If that's true that their cloud hosting doesn't use SQLite I would be surprised.

I mean, they claim they have customers with 30k endpoints and 200gb databases working just fine in their hosted cloud platform but the amount of I/O that would require even if on SSD would be insane. The best part is I've had multiple tickets open over the last few months to troubleshoot performance issues and they can't figure it out, they told me repeatedly "You need to have SC on Flash storage" and I moved it off of our Nimble to a full flash storage array and it made minimal difference and our DB is only 2.5gb

Otherwise their solution must be throw ridiculous amounts of money at it by buying/building an insane solution for their hosted platform to run on between compute, networking & storage. Or they have functions/features that exist up there that don't exist for the on premise product and aren't owning up to it.

When we had SC on our Nimble, out of the 30 VM's we have (including some that read/write into MSSQL DB's all day) ScreenConnect was our most I/O intensive VM by far.

We are in a similar situation. We have about 15K endpoints and we've had to set the DB maintenance schedules to delete pretty much everything after two days otherwise we start feeling a lot of lag. We have an all flash Nimble but even tried moving the VM to a local PCIe SSD for testing. Made no difference.

It's obvious that the limitations are with SQLite, and I just cannot believe them when they say they have instances with 200gb databases or with 30k endpoints and they run fine in their hosted platform on SQLite when we have so many people in this thread alone having the same issues and I've basically built out a brand new server with a new database and have the exact same issues we had before it was rebuilt and on flash storage.

I could go throw my SC instance on a PC that has a proc overclocked to 5ghz, and PCIe SSD's that push 6000mb/s read/write and I bet I'd still experience the SAME problems we have now.

Given the number of people that I've seen post around the internet and even those in this thread alone that have posted about having issues, it blows my mind that we have to resort to having basically no logging to have a functional product

And scrolling back up in this same thread we see various people talking about using unsupported methods of using MSSQL and the performance being way better than what the rest of us get with SQLite, the downside is when the product gets updated it generally breaks stuff.

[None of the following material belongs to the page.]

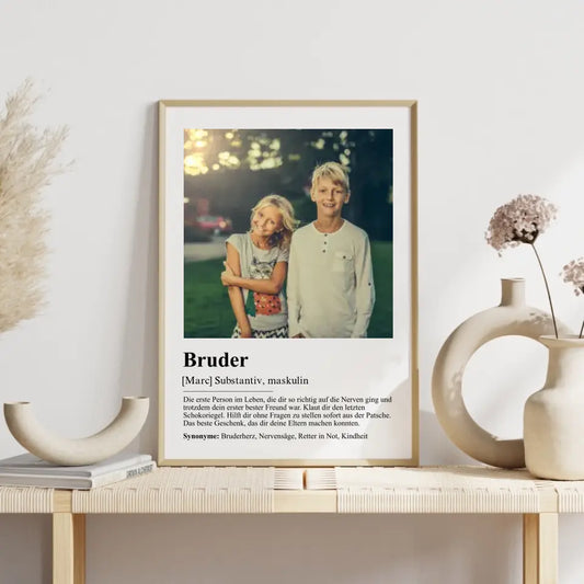Zeige Deine Geschwisterliebe mit unseren personalisierten Postern. Wähle aus verschiedenen Designs und gestalte ein Poster, das Eure Verbundenheit und gemeinsamen Erinnerungen widerspiegelt. Jedes Poster wird auf hochwertigem Papier gedruckt und ist in verschiedenen Größen erhältlich. Ein besonderes Geschenk für Deinen Bruder oder Deine Schwester. ❤

We now have a thread here that's been open for 5-6 years, and because they are now owned by ConnectWi$e, I doubt they'll never add support for the on premise product to use MSSQL because ConnectWi$e wants to make money by getting people on the hosted platform.

This request has been open for 7 years. Is there any chance your going to enhance the product to support a real database engine, instead of SQL Lite?

They support only MSSQL - but it's not a complete implementation. 

I've found no information in the past to support this.

I found reference to MSSQL in some documentation somewhere and when I asked about it I was told "Oh that's not supposed to be in there, we'll get that cleaned up"

Here you go!!


  <system.data>
    <dbproviderfactories>
      <add name="SqlClient Data Provider" invariant="System.Data.SqlClient" description=".Net Framework Data Provider for SqlServer" type="System.Data.SqlClient.SqlClientFactory, System.Data, Version=2.0.0.0, Culture=neutral, PublicKeyToken=b77a5c561934e089"> 
    </add></dbproviderfactories>
  </system.data>
  <connectionstrings>
    <add name="SessionDatabase" providername="System.Data.SqlClient" connectionstring="Persist Security Info=False; uid=<MSSQL USERNAME>; pwd=<MSSQL PASSWORD>; Data Source=<FQDN OR IP OF SERVER>; Initial Catalog=secureconnect; "> 
  </add></connectionstrings>

FYI, we've been using SQL Server for years with ScreenConnect.  Mostly works splendidly.  They don't provide much assistance if you call in, but it works.  


It's a bit of wandering around the dark with a candle until you figure it out, but it ends up being 5 tables in a database (4 originally then recent updates added security.db and a new table that also has to be added).  Once these are converted and the web.config is properly updated it works well.

We actively support 20 agents and aprox 2000 connections.  Would LOVE this if it was a first-class citizen though.